こんにちは、皆さん!一人ぼっちユウトです。
今日は、司馬遼太郎の短編『彰義隊胸算用』について語らせてください。
この作品、ページ数こそ多くないのに、読み終えたあとに胸の奥がじんわり熱くなる──そんな“司馬遼太郎らしさ”がぎゅっと凝縮された一編なんです。
『彰義隊胸算用』の面白さ
江戸の空気が一気に蘇る
舞台は、幕末から明治へと移り変わる激動の時代。
上野に立てこもった彰義隊と新政府軍の衝突は歴史的にも有名ですが、司馬遼太郎はこの出来事を「戦いの裏側」にいる人々の視点から描きます。
武士の誇り、商人の計算、庶民のしたたかさ──
歴史の教科書では絶対に触れられない“生きた江戸”が、鮮やかに立ち上がってくるんです。
司馬遼太郎の筆が光る「人間の可笑しさ」
タイトルにある「胸算用」とは、いわば“損得勘定”。
戦の真っ只中でも、人は食べ、働き、儲けようとする。
その姿を司馬遼太郎は、批判でも肯定でもなく、どこか温かい目線で描きます。
特に、戦の混乱を商機と捉える商人たちの描写は、思わず笑ってしまうほどリアル。
「人間って、どんな時代でも変わらないんだな」としみじみ感じさせられます。
彰義隊という“悲劇”を別角度から照らす
彰義隊といえば、旧幕府側の象徴として散った悲劇の集団──そんなイメージが強いですよね。

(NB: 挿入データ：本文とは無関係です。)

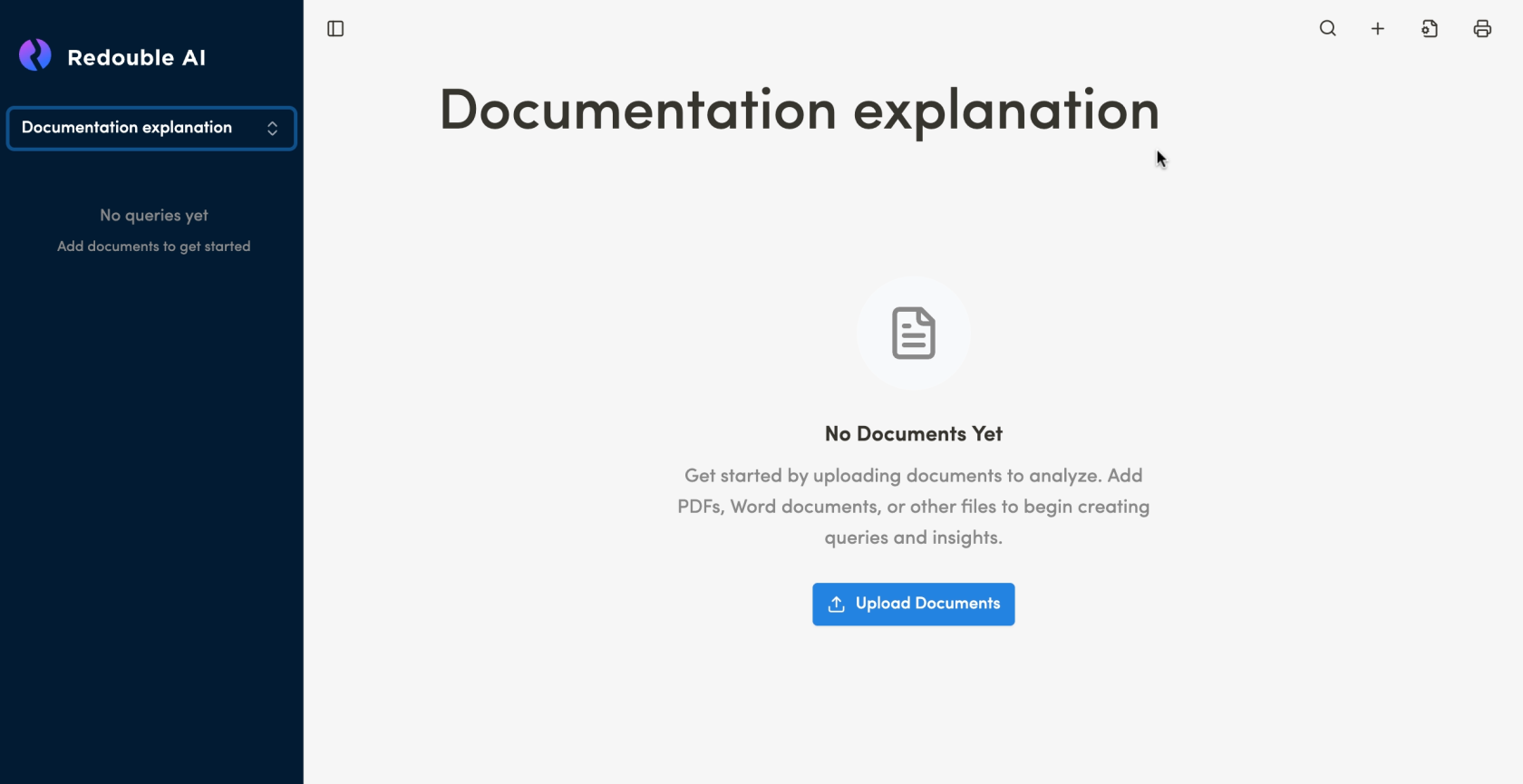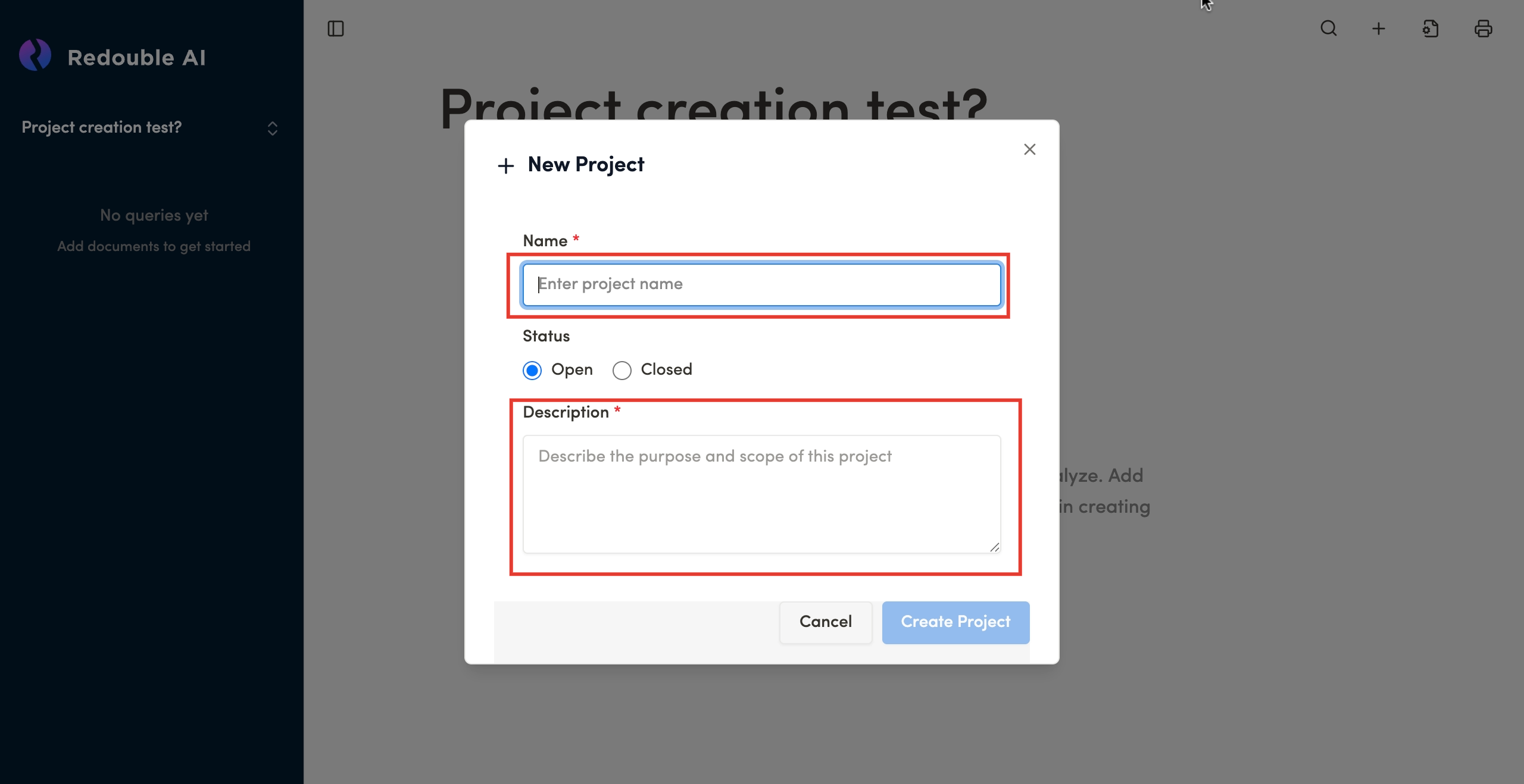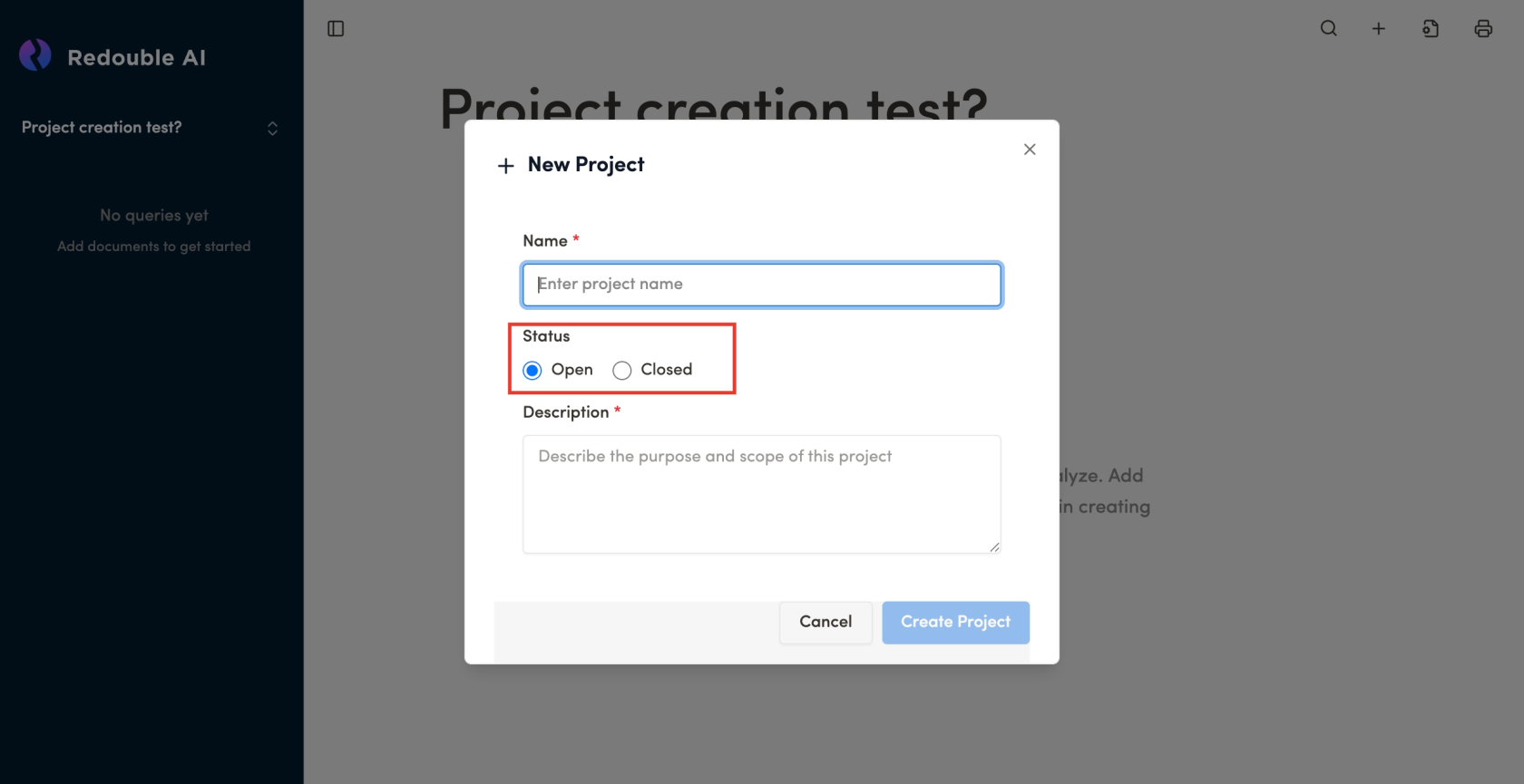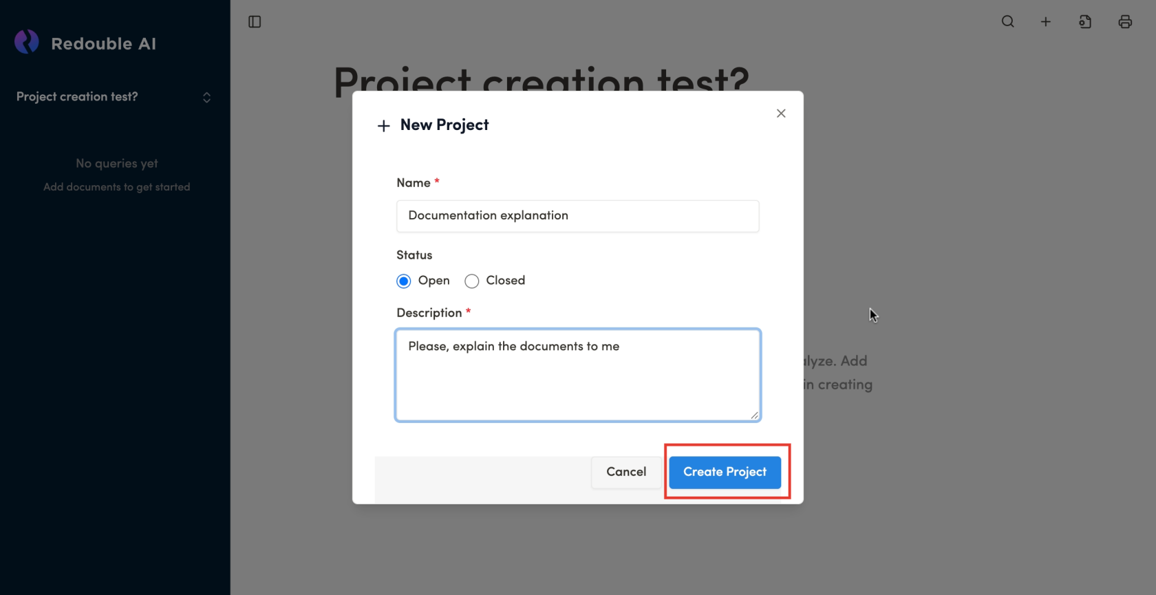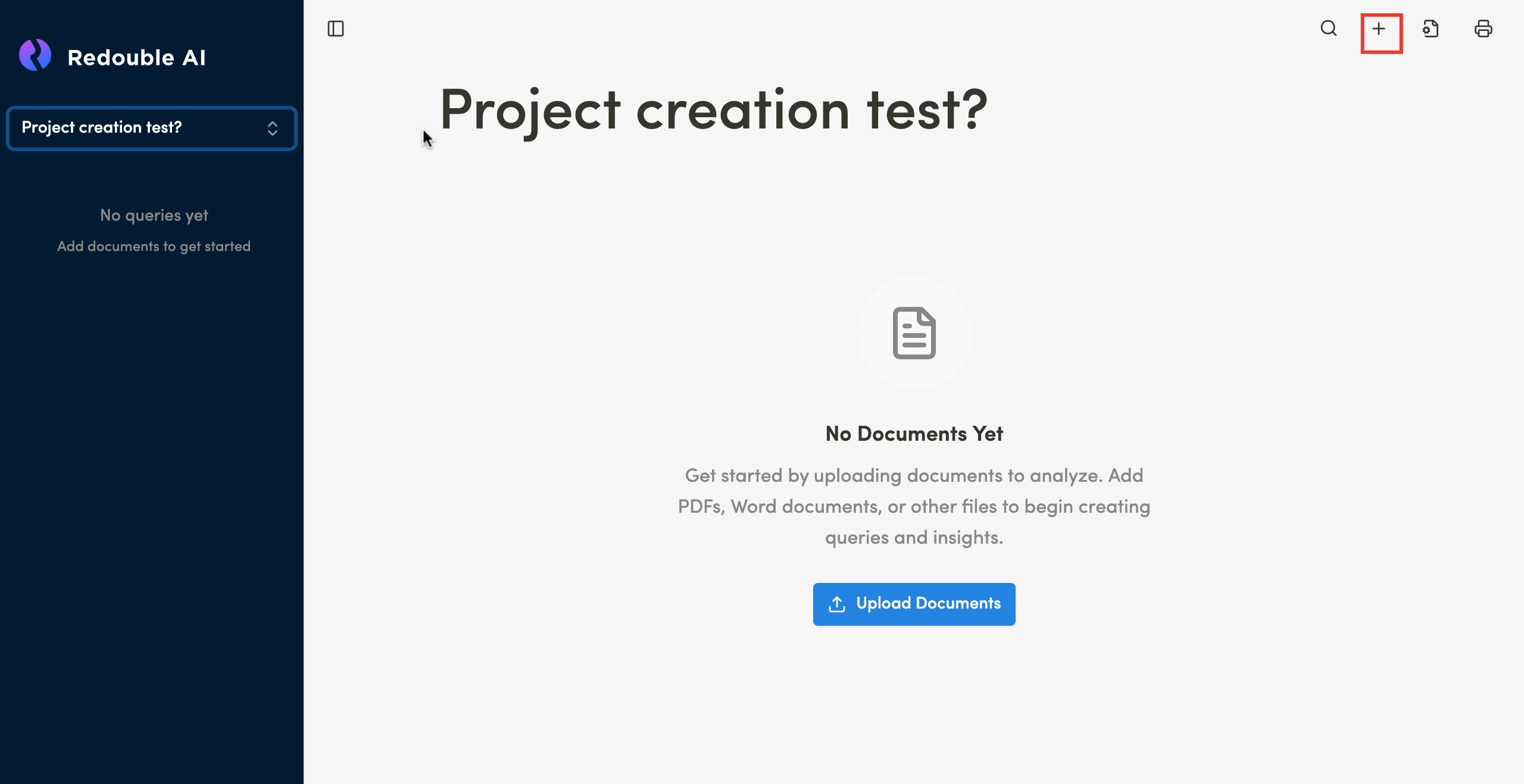 Result: The project is created and automatically opened for work. You will be redirected to the project's main page where you can add documents and create questions for analysis.

でも『彰義隊胸算用』では、彼らの戦いを“歴史の大事件”としてではなく、“街の一風景”として描く。
この視点が本当に面白い。
英雄譚でも悲劇でもなく、ただそこに生きていた人々の息遣いが聞こえてくる。
司馬遼太郎の歴史観の魅力が、短編ながら存分に味わえます。
心に残ったポイント
「戦の裏側にこそドラマがある」
司馬遼太郎は、歴史の中心にいる英雄よりも、周縁にいる名もなき人々を描くのが本当に上手い。
この作品でも、戦の勝敗よりも、戦を“どう生き抜くか”に焦点が当てられています。
武士の誇りを守ろうとする者。
混乱を商機と見る者。
ただ日常を続けたいだけの者。
その一人ひとりの姿が、短編とは思えないほど濃密に描かれているんです。
「笑い」と「哀しみ」が同居する司馬作品の真骨頂
読んでいると、思わずクスッと笑ってしまう場面がある一方で、
時代の波に翻弄される人々の哀しさがふっと胸に刺さる瞬間もある。
この“軽妙さと深みの同居”こそ、司馬遼太郎の真骨頂。
短編でここまで味わわせてくれるのは、さすがとしか言いようがありません。
まとめ
『彰義隊胸算用』は、歴史小説が苦手な人でもスッと読める軽やかさがありながら、
読み終えると「人間って面白いなあ」としみじみ感じさせてくれる名品です。
彰義隊の戦いを知っている人も、知らない人も、
この短編を読むと“歴史の裏側”が一気に立体的に見えてきます。
もしまだ読んでいない方は、ぜひ手に取ってみてください。
そして、読んだ方はぜひ感想をコメントで教えてくださいね。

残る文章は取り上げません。